§ WHAT THIS TASK INVOLVES
Every line from the one containing "Sobre essa verificação" through the end of the listing below goes in the output, exactly and without pictures.

§ DATA
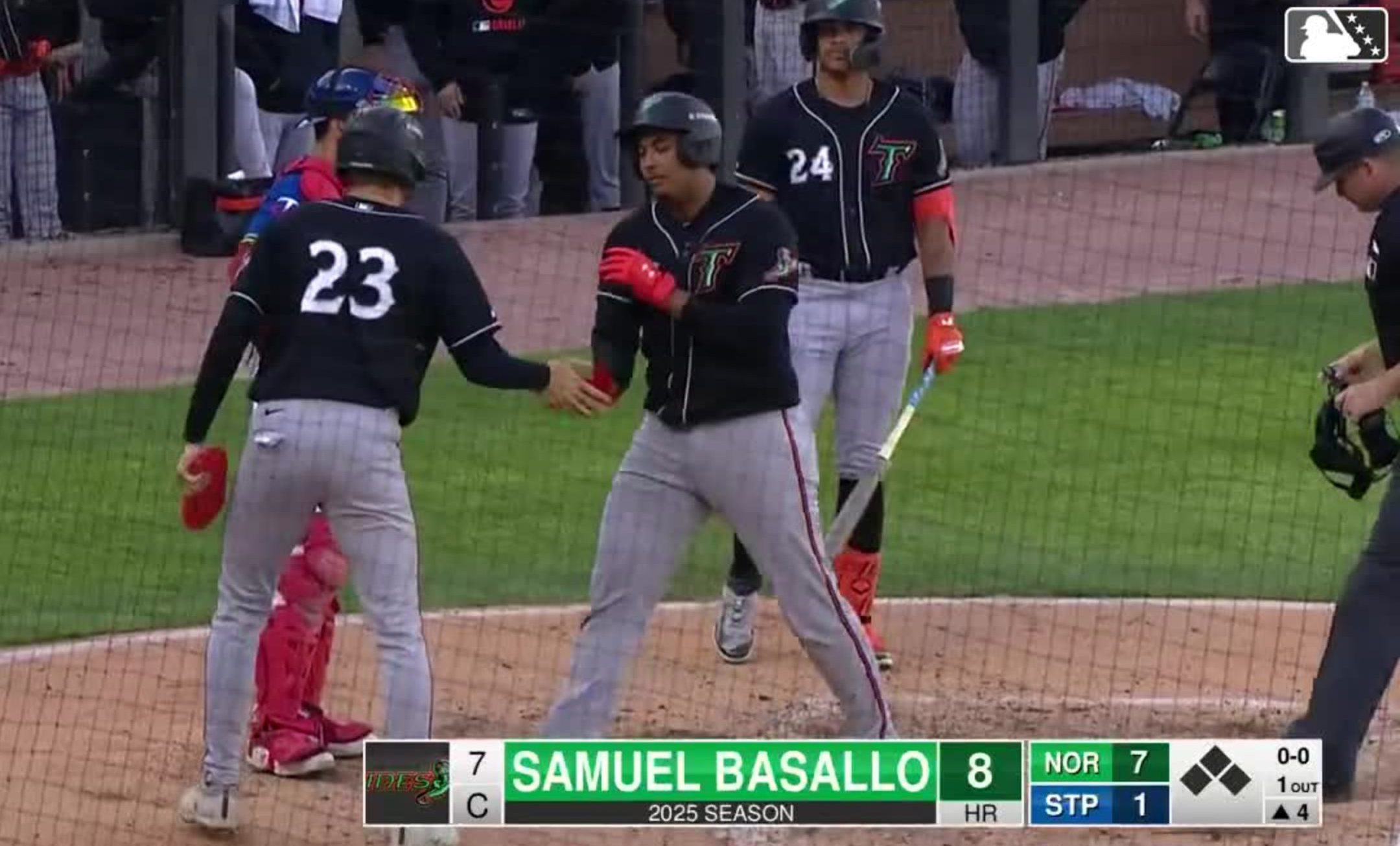 En Triple A, Basallo como receptor y tercer bate, conectó de 3-3 con dos jonrones (9), un doble (5), cuatro anotadas, tres remolcadas (19) y una base por bolas para conducir a Norfolk (Orioles) a vencer 8-3 a St. Paul (Mellizos) en el primer partido de una doble cartelera.
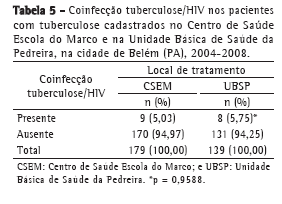 Sobre essa verificação da associação tuberculose/HIV, ressalta-se que houve menor verificação na UBSP do que no CSEM, fato esse que se configura como uma importante diferença entre as unidades, uma vez que as medidas de prevenção e controle do HIV e da tuberculose não podem ser pensadas separadamente. A coinfecção tuberculose/HIV deve ser identificada no início do tratamento para que procedimentos de acompanhamento diferenciados possam ser implementados.(20)
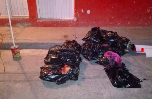 Las bolsas negras donde se encontraban los cuerpos fueron localizadas detrás del templo de las Tres Aves Marías en el Ranchito Independencia.

§ SOLUTION FOR THIS EXERCISE
 Sobre essa verificação da associação tuberculose/HIV, ressalta-se que houve menor verificação na UBSP do que no CSEM, fato esse que se configura como uma importante diferença entre as unidades, uma vez que as medidas de prevenção e controle do HIV e da tuberculose não podem ser pensadas separadamente. A coinfecção tuberculose/HIV deve ser identificada no início do tratamento para que procedimentos de acompanhamento diferenciados possam ser implementados.(20)
 Las bolsas negras donde se encontraban los cuerpos fueron localizadas detrás del templo de las Tres Aves Marías en el Ranchito Independencia.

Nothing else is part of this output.